◆ **Directions**: What you give back must match the records below exactly, apart from the pictures, which are omitted.
>>>
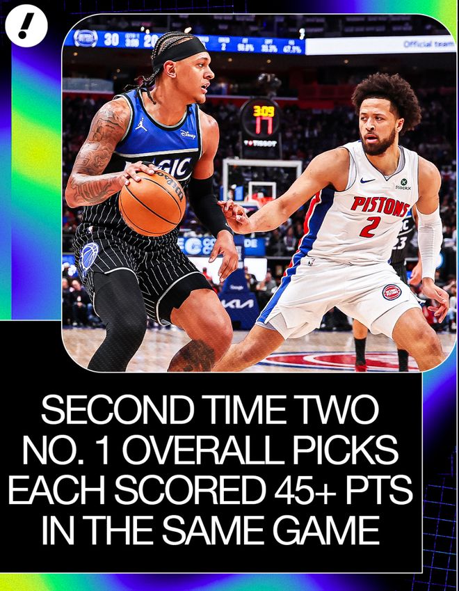 这场比赛班凯罗与坎宁安都拿到45分,所有两人一同创造多项纪录:
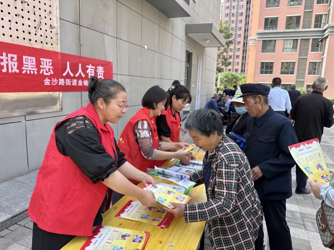为进一步推动常态化扫黑除恶工作的深入开展,有效遏制黑恶势力的滋生,全面提高辖区居民的安全感。近日,金沙路街道金榆社区开展常态化扫黑除恶宣传活动。
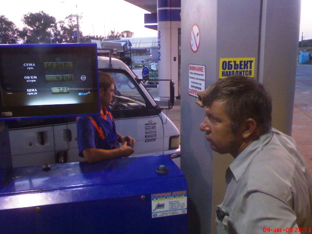 Но дверь это мелочи. Оказывается, автобус выехал в рейс не заправленным горючим. Поэтому битком набитый автобус  заезжает на заправку. В Советское время при таких вынужденных заправках, пассажиров высаживали из автобуса, но это было в СССР, а в европейской державе Украина, автобусы заправляют вместе с пассажирами
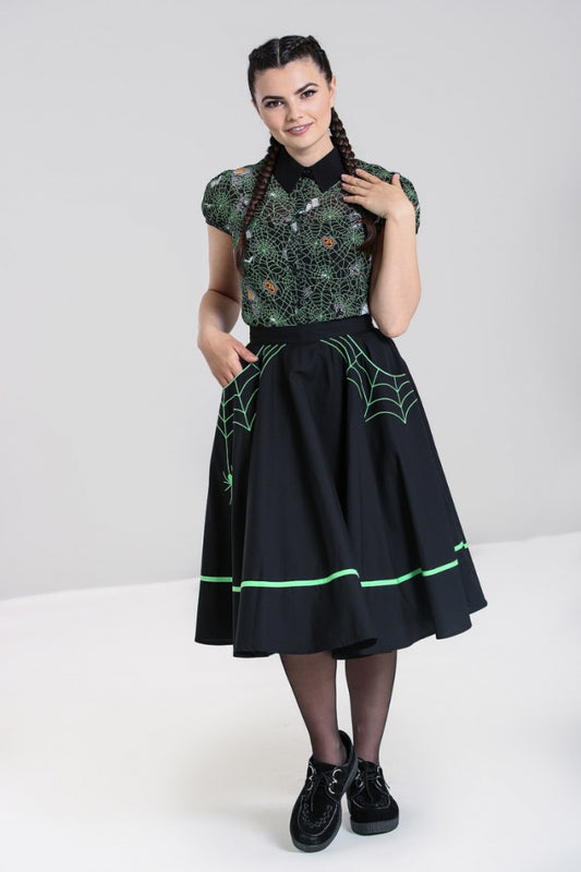 Miss Muffet 50s Skirt in Black and Green by Hell Bunny
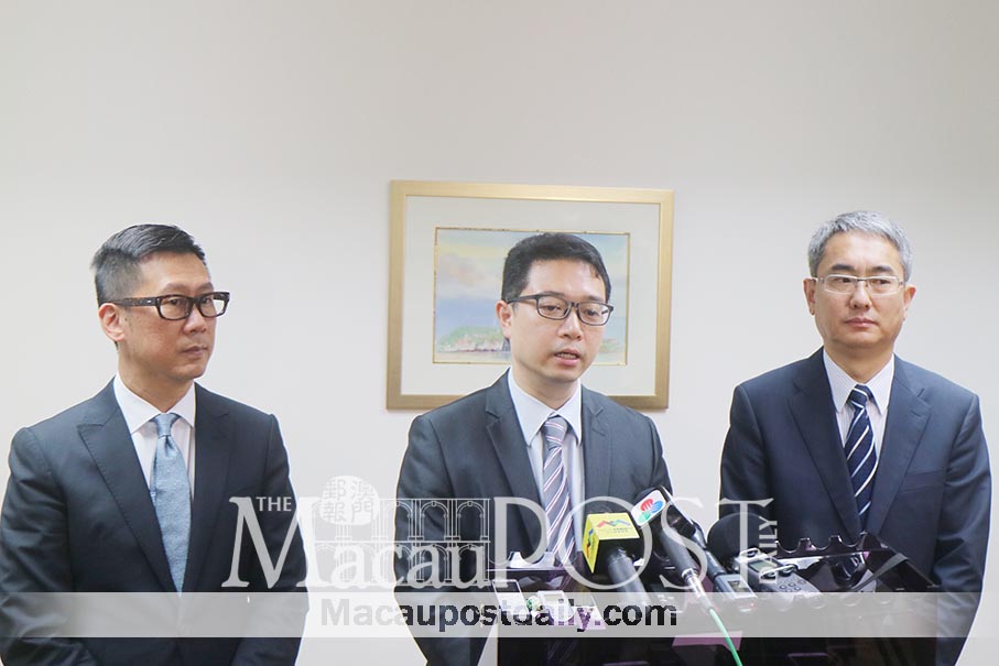 Legislative Assembly Electoral Affairs Committee (CAEAL) President Tong Hio Fong (centre) speaks to reporters after yesterday’s closed-door meeting with representatives of the city’s six gaming operators and Junket Promoters Association, as Commission Against Corruption (CCAC) chief André Cheong Weng Chon (right) and Gaming Inspection and Coordination Bureau (DICJ) Director Paulo Martins Chan look on, at the DICJ headquarters in China Plaza. Photo: Debby Seng
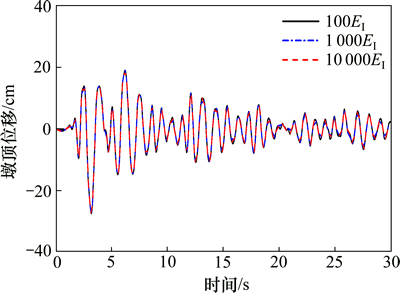 Fig. 5 Comparison of displacement time-history of pier top at different stiffnesses of rigid beam
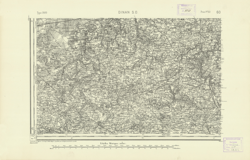 "Paris. Service Géographique de l'Armée, 1889. Ebbe origine dall'Edizione zincografica in quarti di foglio, stabilita dal 1879, per la carta detta de "L'Etat-Major". Infatti non rispondono più il sistema della riproduzione zincografica alle esigenze che la revisione dei fogli imponeva, per un inevitabile logoramento dei rami originali, fu proposta dapprima la correzione degli zinchi, ma questo, importando un lavoro lungo e gravoso, si adottò il procedimento galvanico. I rami galvanici ottenuti e corretti secondo questo sistema presero il nome di "édition type 1889". Allo scopo di facilitare l'incisione fu adoperata la suddivisione in quarti di foglio come per l'edizione zincografica. La revisione dei fogli di questo tipo non fu iniziata che nel 1893. Dal catalogo del S.G.A. risultano mancanti a questa edizione i dipartimenti della "Moselle", del "Bas-Rhin" e del "Haut-Rhin" per i quali non esiste che una edizione in fogli interi aggiornata nel 1901."
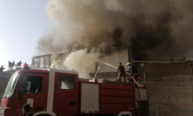 فرق الدفاع المدني تكافح حريقا اندلع داخل مجمع للأدوات الاحتياطية في النجف الأشرف
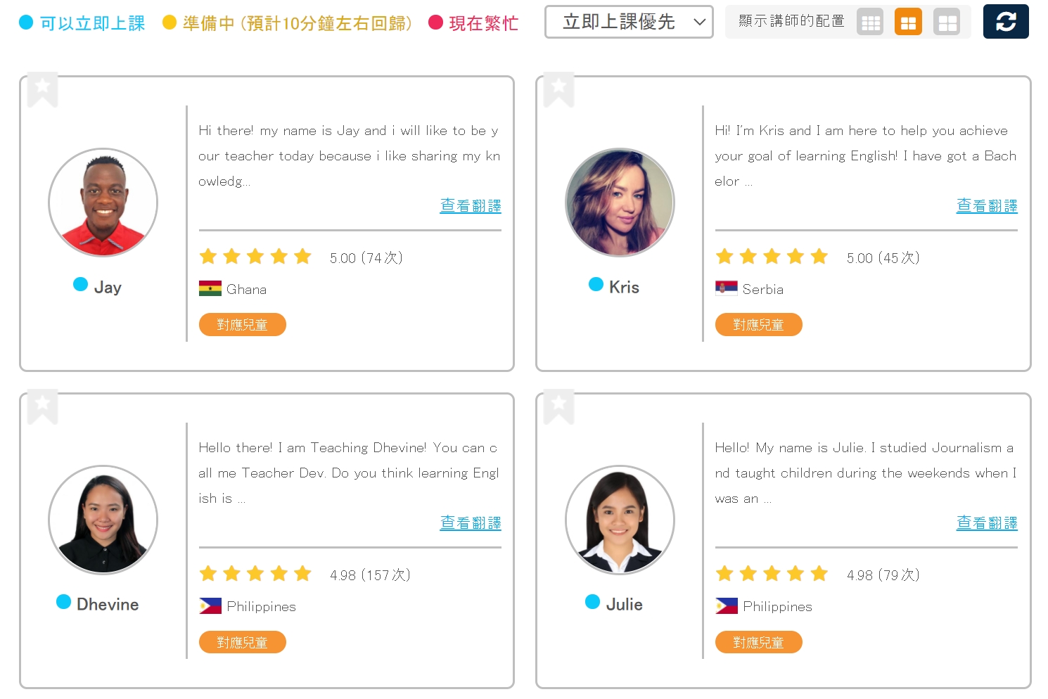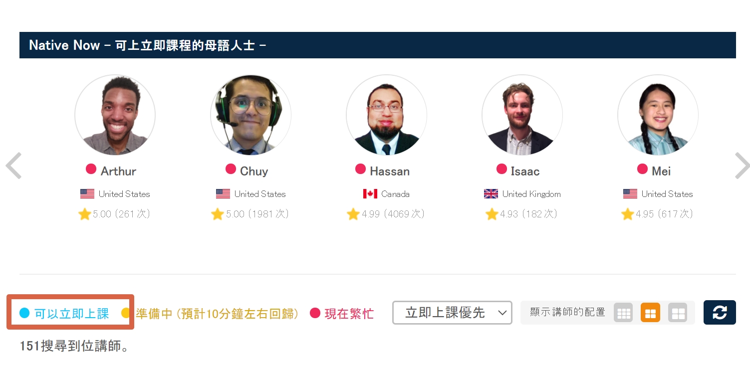 之後就會出現目前可以預約的老師人數,如果是有藍色按鈕就可以點選進去直接上課。
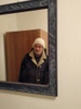 ho fotografato mia moglie che si specchiava in un vecchio specchio in un mercatino delle pulci, con in braccio il nostro yorkshire
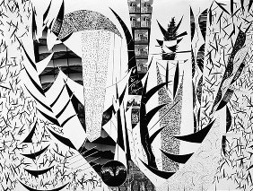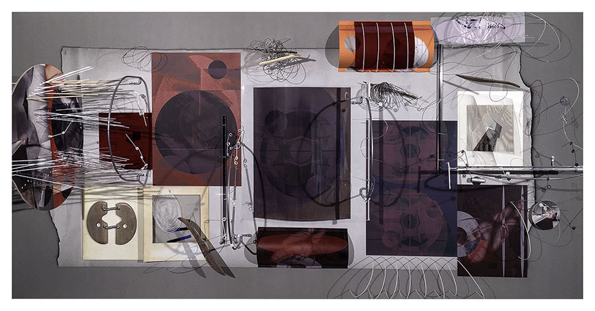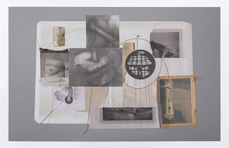 These first ten "Rebus + Diversions" - a term that in addition to evoking the divertimento and freedom with which the series was approached, also offers the possibility of multiplying the versions and the tacit allusion to the subversion of limits - are constructed with fragments from photographed papers: works, letters, exhibitions, as well as influences and events that were decisive for the art of the island. Beginning with the beautiful piece Untitled 011 - in which the home of Walter Gropius is intervened with a tree - forms created with balsa wood are introduced and three-dimensionality is increased with resources like cords and wires. The assembly with threads and forms in the erotic collage Untitled 012, a tribute to Agustín Fernández, is a beautiful allusion to the affective memory that connects biographical and art history elements. The last seven rebus increase the creative intensity, not only because of the type of referential appropriations and materials, but also as a result of the artistic bravado that places Martínez-Cañas in her role of favorite student of László Moholy-Nagy. It is as if, through her own artistic leap, Martínez-Cañas embodied the transformation that sparked the Hungarian teacher's influence and championing of the New Bauhaus in the art of North America. With this series, she has answered Moholy-Nagy's challenge to "think about the history of art and to reproduce old formulas and experiment with a vision that stretches the human ability to face new tasks."
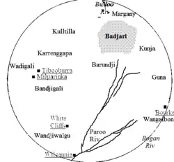 According to Norman Tindale, the Badjiri lands spanned some 4,100 square miles (11,000 km2), reaching from around Hungerford to Eulo on the Paroo River. Their eastern limits were around Barringun, Tinnenburra, Tuen, and Cunnamulla. They were also present at Caiwarro and about the eastern side of Currawinya.[1]
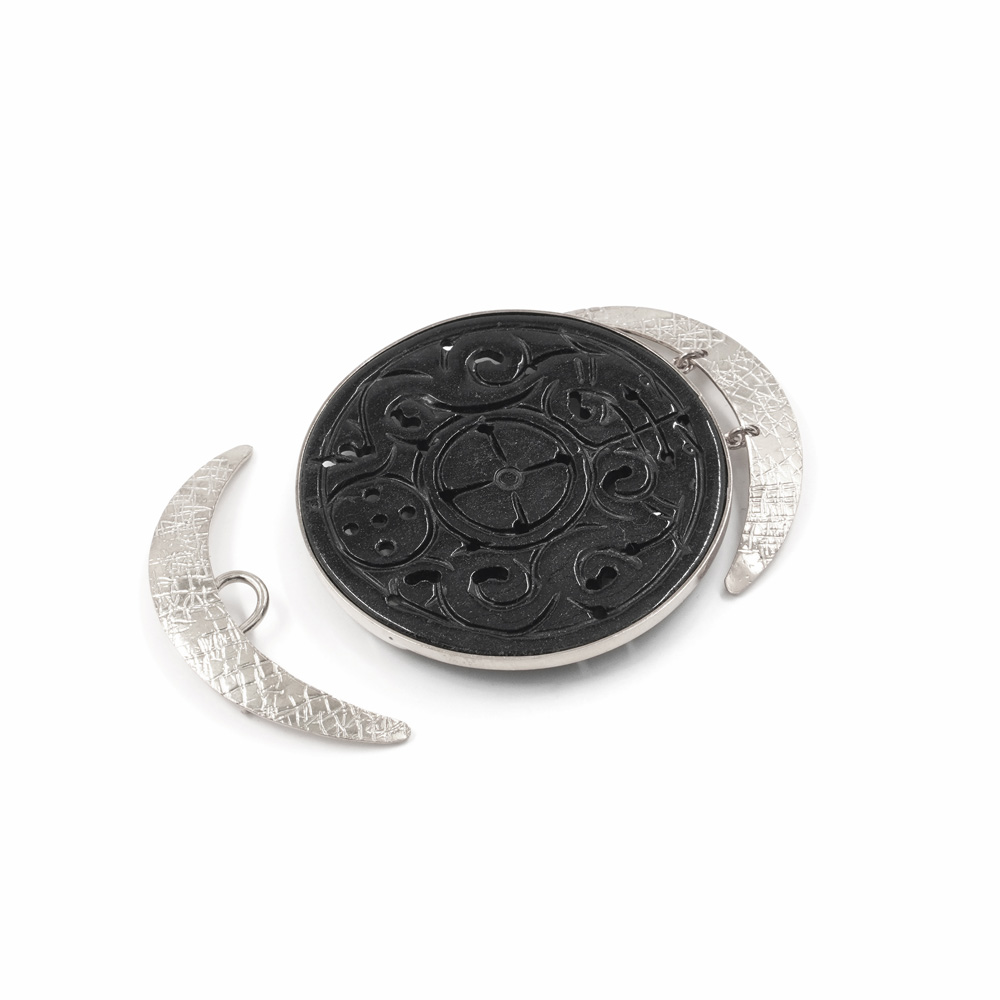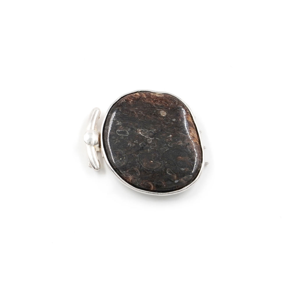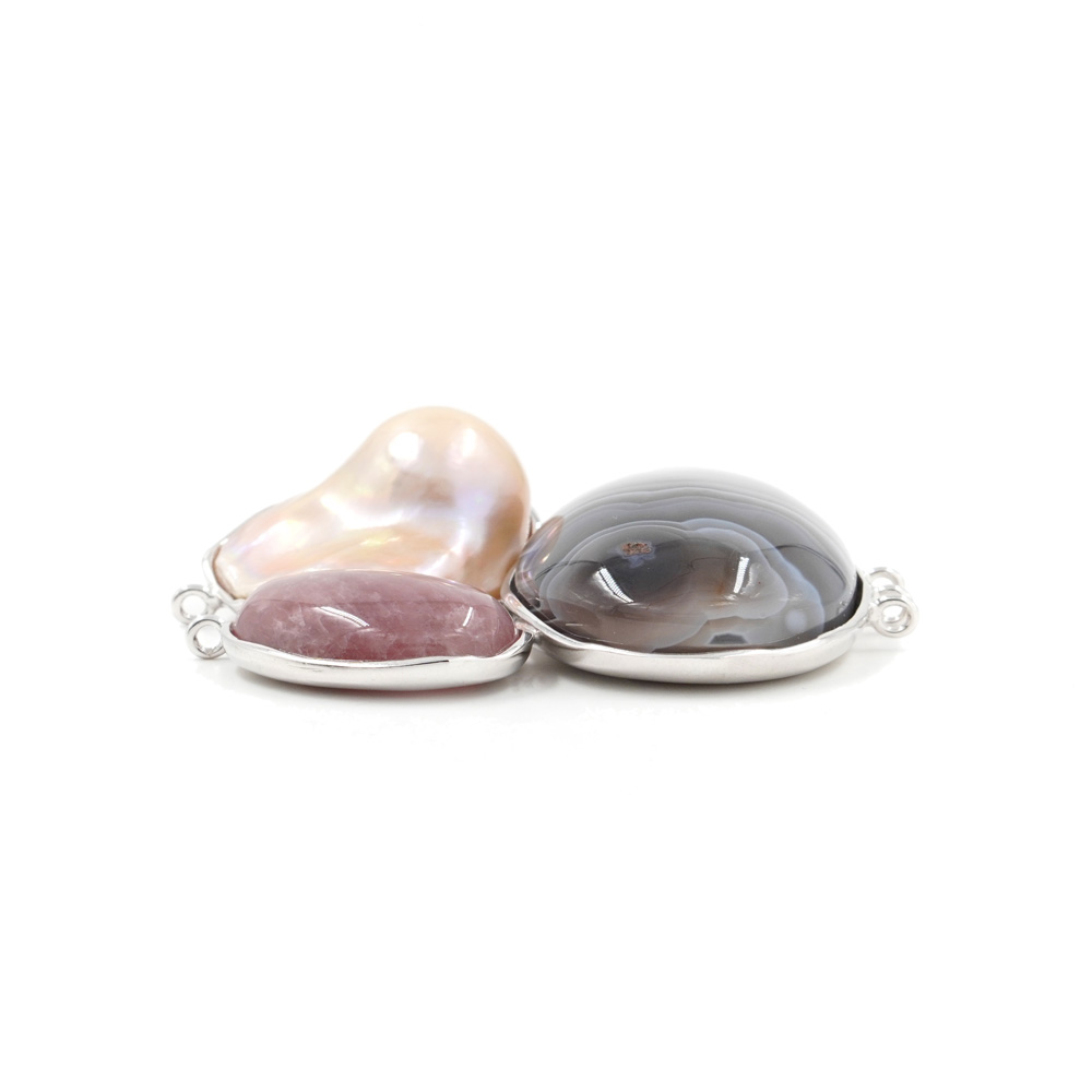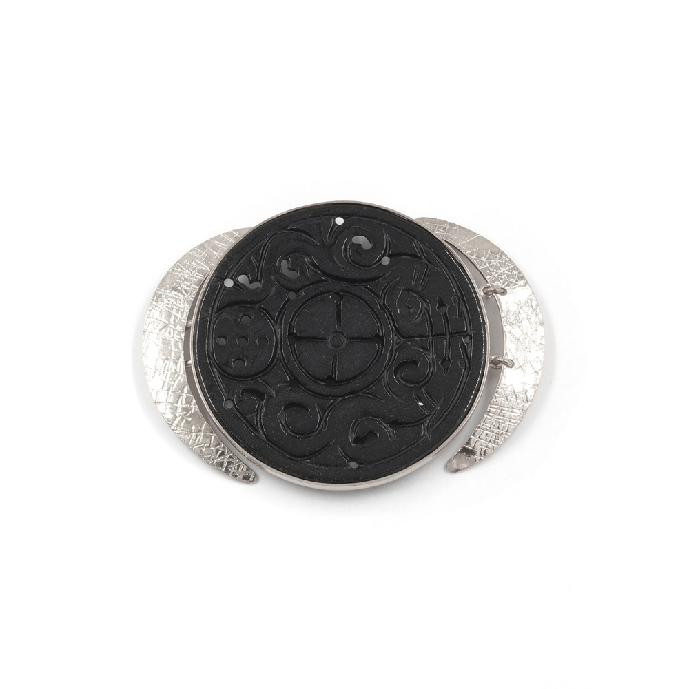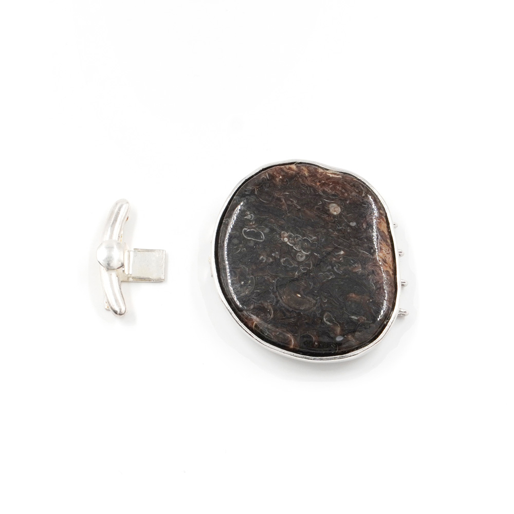 Sterling Silver clasp with black agate engraved plate – Rhodium Color or Rose Color
<<<
◆ **Exercise result**:
 这场比赛班凯罗与坎宁安都拿到45分,所有两人一同创造多项纪录:
为进一步推动常态化扫黑除恶工作的深入开展,有效遏制黑恶势力的滋生,全面提高辖区居民的安全感。近日,金沙路街道金榆社区开展常态化扫黑除恶宣传活动。
 Но дверь это мелочи. Оказывается, автобус выехал в рейс не заправленным горючим. Поэтому битком набитый автобус  заезжает на заправку. В Советское время при таких вынужденных заправках, пассажиров высаживали из автобуса, но это было в СССР, а в европейской державе Украина, автобусы заправляют вместе с пассажирами
 Miss Muffet 50s Skirt in Black and Green by Hell Bunny
 Legislative Assembly Electoral Affairs Committee (CAEAL) President Tong Hio Fong (centre) speaks to reporters after yesterday’s closed-door meeting with representatives of the city’s six gaming operators and Junket Promoters Association, as Commission Against Corruption (CCAC) chief André Cheong Weng Chon (right) and Gaming Inspection and Coordination Bureau (DICJ) Director Paulo Martins Chan look on, at the DICJ headquarters in China Plaza. Photo: Debby Seng
 Fig. 5 Comparison of displacement time-history of pier top at different stiffnesses of rigid beam
 "Paris. Service Géographique de l'Armée, 1889. Ebbe origine dall'Edizione zincografica in quarti di foglio, stabilita dal 1879, per la carta detta de "L'Etat-Major". Infatti non rispondono più il sistema della riproduzione zincografica alle esigenze che la revisione dei fogli imponeva, per un inevitabile logoramento dei rami originali, fu proposta dapprima la correzione degli zinchi, ma questo, importando un lavoro lungo e gravoso, si adottò il procedimento galvanico. I rami galvanici ottenuti e corretti secondo questo sistema presero il nome di "édition type 1889". Allo scopo di facilitare l'incisione fu adoperata la suddivisione in quarti di foglio come per l'edizione zincografica. La revisione dei fogli di questo tipo non fu iniziata che nel 1893. Dal catalogo del S.G.A. risultano mancanti a questa edizione i dipartimenti della "Moselle", del "Bas-Rhin" e del "Haut-Rhin" per i quali non esiste che una edizione in fogli interi aggiornata nel 1901."
 فرق الدفاع المدني تكافح حريقا اندلع داخل مجمع للأدوات الاحتياطية في النجف الأشرف
 之後就會出現目前可以預約的老師人數,如果是有藍色按鈕就可以點選進去直接上課。
 ho fotografato mia moglie che si specchiava in un vecchio specchio in un mercatino delle pulci, con in braccio il nostro yorkshire
 These first ten "Rebus + Diversions" - a term that in addition to evoking the divertimento and freedom with which the series was approached, also offers the possibility of multiplying the versions and the tacit allusion to the subversion of limits - are constructed with fragments from photographed papers: works, letters, exhibitions, as well as influences and events that were decisive for the art of the island. Beginning with the beautiful piece Untitled 011 - in which the home of Walter Gropius is intervened with a tree - forms created with balsa wood are introduced and three-dimensionality is increased with resources like cords and wires. The assembly with threads and forms in the erotic collage Untitled 012, a tribute to Agustín Fernández, is a beautiful allusion to the affective memory that connects biographical and art history elements. The last seven rebus increase the creative intensity, not only because of the type of referential appropriations and materials, but also as a result of the artistic bravado that places Martínez-Cañas in her role of favorite student of László Moholy-Nagy. It is as if, through her own artistic leap, Martínez-Cañas embodied the transformation that sparked the Hungarian teacher's influence and championing of the New Bauhaus in the art of North America. With this series, she has answered Moholy-Nagy's challenge to "think about the history of art and to reproduce old formulas and experiment with a vision that stretches the human ability to face new tasks."
 According to Norman Tindale, the Badjiri lands spanned some 4,100 square miles (11,000 km2), reaching from around Hungerford to Eulo on the Paroo River. Their eastern limits were around Barringun, Tinnenburra, Tuen, and Cunnamulla. They were also present at Caiwarro and about the eastern side of Currawinya.[1]
 Sterling Silver clasp with black agate engraved plate – Rhodium Color or Rose Color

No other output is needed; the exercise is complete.